The METICUL Y Patient-specific titanium maxillofacial mesh implant is a device designed individually for each patient and intended for use in selective trauma of the maxillofacial skeleton, maxillofacial surgery, and reconstructive procedures. It is specifically designed with a focus on applications of non-bending related scenarios. The implant is made of titanium alloys produced via additive manufacturing (Laser Powder Bed Fusion) and is intended to be used with titanium screws. All additive manufacturing and other post-processing steps are only to take place under Meticuly manufacturing control. The device is not intended to substitute for bone reconstruction in clinical situations where bone is needed for support and stability of the maxillofacial skeleton under functional loading conditions. It is intended for adults only (at least 22 years of age). The surgeon approves the design of the mesh implant prior to fabrication of the implant device by the sponsor. The proposed FaciMesh models are intended to treat the maxillofacial region, while the OrbiMesh models treat the Orbital region. The device is not intended for reconstruction of the orbital roof defects or for any frontal bone defects, such as the supra-orbital ridge. Additionally, the FDA-cleared commercially available titanium screws that can be used with the subject devices include the TITANIUM MINIPLATE SYSTEM (K951690) and MICRO TITANIUM PLATE SYSTEM (K951688).

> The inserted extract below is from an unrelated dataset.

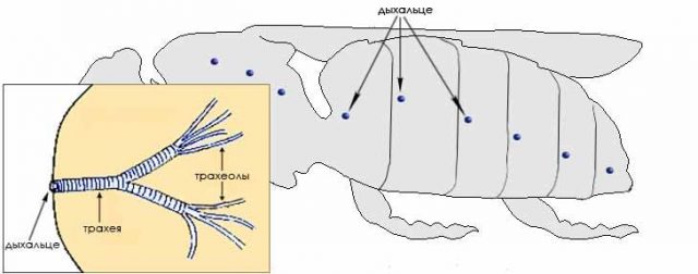 Luft tritt in den Körper des Insekts ein, welche Spirakel, die sich am Bauch befinden, und durch die Brustspirakel zurückgehen. An den Wänden der Spirakel befindet sich eine große Anzahl von Haaren, die eine Schutzfunktion erfüllen und das Eindringen von Staub verhindern.
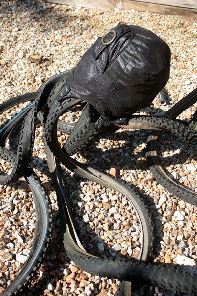 Composition: pneus de VTT, sac à main.

The METICULY Patient-specific titanium maxillofacial mesh implant underwent various performance tests to demonstrate its substantial equivalence to predicate devices.

1. Acceptance Criteria and Reported Device Performance:

The document broadly mentions compliance with various ASTM and ISO standards for material properties, manufacturing quality, biological evaluation, sterilization, and packaging. While specific quantitative acceptance criteria are not explicitly listed in a single table alongside reported values within the provided text, the conclusion states that "Verification and validation testing confirms that the product specifications have been met, demonstrating that the device will perform as intended. There were no unexpected results which indicate the suitable material used and manufacturing process compared to the standards for medical devices." This implies that the device met the requirements outlined in the referenced standards.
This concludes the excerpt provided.